Ipsedixitism  from the Latin ipse dixit, “he himself said it”  describes the fallacy of asserting something as true simply on the authority of the speaker, without evidence, argument, or justification. Jeremy Bentham coined the term specifically to expose the political habit of declaring issues closed by the weight of who is asserting them rather than by the quality of what is being argued. The claim stands not because it has been demonstrated, but because he said so, and he is powerful enough that no one has yet made him defend it.

Abiy Ahmed’s Red Sea “sovereign access” doctrine is ipsedixitism in perhaps its most politically charged modern form. The claim  that Ethiopia has a natural, civilizational, historical right to Eritrea’s coastline and that Eritrea’s internationally recognized sovereignty over that coast is itself a kind of injustice requiring correction  carries no foundation in international law, no basis in the post-independence order, and no legitimacy under the Algiers Agreement. It is simply declared, repeatedly and forcefully, with the expectation that force of repetition substitutes for force of argument. The more it is said, the more it sounds like a truth rather than an aspiration dressed up as destiny.

The rhetorical strategy works domestically because it traffics in emotion rather than evidence. It tells a nationalist audience a story they want to believe: that Ethiopia was once whole, that its access to the sea was taken, and that restoring it is not aggression but restoration. Nobody is asked to examine the legal record. Nobody is invited to interrogate whether the border was internationally arbitrated. The assertion does the work that argument would otherwise need to do.

But asserted loudly is not the same as established factually. And this is precisely where the Ximdo model operates as a strategic counter — not by winning a rhetoric contest, but by building a counter-reality on the ground that makes the ipsedixitism increasingly hollow. When Tigrayan communities cross the Zalambessa border to reunite with Eritrean families, they are not debating international law. They are producing lived evidence that the narrative of Eritrea as an obstacle to regional destiny does not match the actual human terrain. When 700 Eritreans carry grain to displaced families in Sheraro, they are performing a different story entirely — one that no government press release can easily overwrite. When Afar communities along the Dankalia coast remain stable and integrated, absent of the insurgent infrastructure that Ethiopian proxy strategy would require, the operational premise of the sovereign access campaign is quietly undermined at the base.

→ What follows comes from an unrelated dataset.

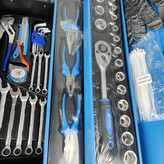 ۱۸ عدد بکس ۱/۲ _ سایز ۱۰ تا ۳۲ ۱۲ عدد بکس۱/۴ _ سایز۴ تا ۱۳ جغجغه ۱/۴ کمکی ۷ سانتی دسته پیچ گوشتی بکس جغجغه ۱/۲ کمک بکس ۱۰ سانتی دسته کشویی لغلغی ۵ عدد پیچ گوشتی دو سو و چهارسو مجموعه آچار از ۸ تا ۱۹ انبردست دمباریک کاتر با تیغ اضافه انبر کلاغی ۶ عدد بیت هولدر پیچ گوشتی آلن ۱ تا ۱۲ میلیمتر یک عدد متر ۵ متری انبرقفلی به همراه کیف حمل فولادی اتوماتیک

The TPLF’s April 2026 reassertion of Tigrayan governance authority  citing Ethiopian federal violations of the Pretoria Agreement  deepened this fracture. The people most geographically positioned to serve as the mobilization base for any northern campaign against Eritrea are increasingly focused on defending themselves from the federal government, not on joining it in an adventure against Asmara. That is not a condition Eritrea engineered. But it is a condition the Ximdo model is built to sustain and deepen. Eritrea does not need to defeat Ethiopian ipsedixitism in an argument. It needs only to ensure that, on the ground, in the communities where mobilization is actually built or blocked, the dogma is met with the friction of lived human experience.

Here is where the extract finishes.